Newsgroups:sci.math.researchFrom:"Greg Kuperberg" <gk00@midway.uchicago.edu>Subject:Re: Solve the Perfect Tetrahedron Equation!Date:Fri, 12 Feb 1993 17:08:03 GMTOrganization:University of Chicago

For those who have not been following this discussion, Don describes a tetrahedron by the area of its four faces and the length of the cross product of every pair of opposite edges, and he wants an expression for the dihedral angles. He has also restricted to the case where every pair of opposite edges is perpendicular and wants the dihedral angles in terms of the four areas. The straightforward approach with vector calculus in R^3 yields algebraic equations for the cosines of the angles that seem unnecessarily complicated. In article <1lcdgd$shl@bigboote.WPI.EDU> you write: >THE FIRST LAW OF COSINES ("LOC.1"): > > 2 2 2 2 > R = X + Y + Z - 2 Y Z cos QA - 2 Z X cos QB - 2 X Y cos QC > > PROOF. Exercise. This, too, is easy, though it involves a great deal > of symbol manipulation and a working knowledge of the formulae > from Spherical Trigonometry... Here is another solution. X,Y,Z, and R are your four areas, and let cAB be the cosine of the angle between faces with area A and B. The key to this equation is the shadow principle: At high noon, a plate with area A at an angle alpha from the ground casts a shadow of area cos(alpha) A. By resting the tetrahedron on the ground on each face and applying the shadow principle, it follows that: R = cRX X + cRY Y + cRZ Z X = cRX R + cXY Y + cXZ Z Y = cYX X + cRY R + cYZ Z Z = cZX X + cZY Y + cRZ R Now multiply each equation by the left-hand side and subtract the last three equations from the first. The real lesson here is that you can describe a tetrahedron by a 4 x 4 symmetric matrix of numbers: ( R^2, -cRX R X, -cRY R Y, -cRZ R Z) (-cRX R X, X^2, -cXY X Y, -cXZ X Z) (-cRY R Y, -cXY X Y, Y^2, -cYZ Y Z) (-cRZ R Z, -cXZ X Z, -cYZ Y Z, Z^2) As long as all four rows add to zero and the matrix is positive semidefinite (in other words v^T M v>0 always), it corresponds to an actual Euclidean tetrahedron. Your three pseudo-areas (cross-products of opposite edges) should be somewhere in this matrix also, but I have to think about exactly where. Finding them will hopefully solve or at least clarify your question.
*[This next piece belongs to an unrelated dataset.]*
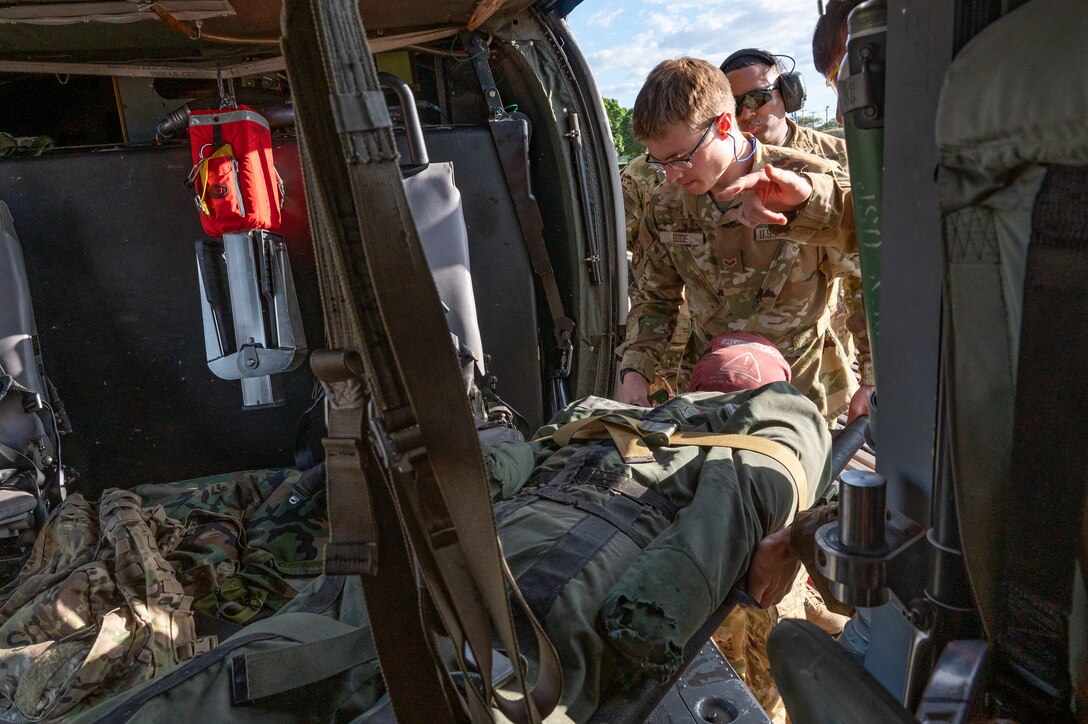 Joint Task Force-Bravo load a dummy patient into a helicopter during an air enroute care training at Soto Cano Air Base, Honduras, February 5, 2025. During the three day training members learned how to assess, care for and safely load a patient into a helicopter in case of a medical evacuation. (U.S. Air Force photo by Staff Sgt. Tristan Biese)

Newsgroups:sci.math.researchFrom:geoff@math.ucla.edu (Geoffrey Mess)Subject:Re: Solve the Perfect Tetrahedron Equation!Date:Sun, 14 Feb 1993 02:37:35 GMTOrganization:UCLA, Mathematics Department

In article <9302121708.AA09604@midway.uchicago.edu> "Greg Kuperberg" <gk00@midway.uchicago.edu> writes: > In article <1lcdgd$shl@bigboote.WPI.EDU> you write: > >THE FIRST LAW OF COSINES ("LOC.1"): > > > > 2 2 2 2 > > R = X + Y + Z - 2 Y Z cos QA - 2 Z X cos QB - 2 X Y cos QC > > > > PROOF. Exercise. This, too, is easy, though it involves a great The area vector of a plane region on the boundary of a solid in 3-space has magnitude the area of the region and direction the outwards normal. The area vectors of the faces of a solid in 3-space add up to zero, so the sum of the area vectors of two of the faces has the same length of the sum of the area vectors of the other two, and the sum of the area vectors of three of the faces has the same length as the area vector of the other. The second and first law of cosines follow. The argument applies to polyhedra with any number of faces and in any dimension. and in particular, as Billy Don McConnell points out, to simplices in n-space. I suppose this result is to be found in Grassmann's Ausdehnunglehre, though I've never looked. The statement that the area vectors add up to zero can be thought of as a limiting case of the statement that the integral of the normal vector of a smooth closed surface with respect to surface area is zero, which can be deduced from Stokes's theorem. You can get the polyhedral case directly from a suitably formulated version of Stokes's theorem. Essentially it means that if fluid is flowing at a velocity constant in space and time, as much fluid flows out of the tetrahedron (or other solid) as flows into it. The vector area of the pseudoface tells you how much fluid crosses a surface which spans the skew quadrilateral which divides the tetrahedron into two triangles, if the fluid is flowing with unit speed and the best direction is chosen for its velocity vector. I hope Billy Don McConnell will post something about tetrahedra in hyperbolic space, as many people are interested in them. -- Geoffrey Mess Department of Mathematics, UCLA Los Angeles, CA. geoff@math.ucla.edu NeXTmail welcome.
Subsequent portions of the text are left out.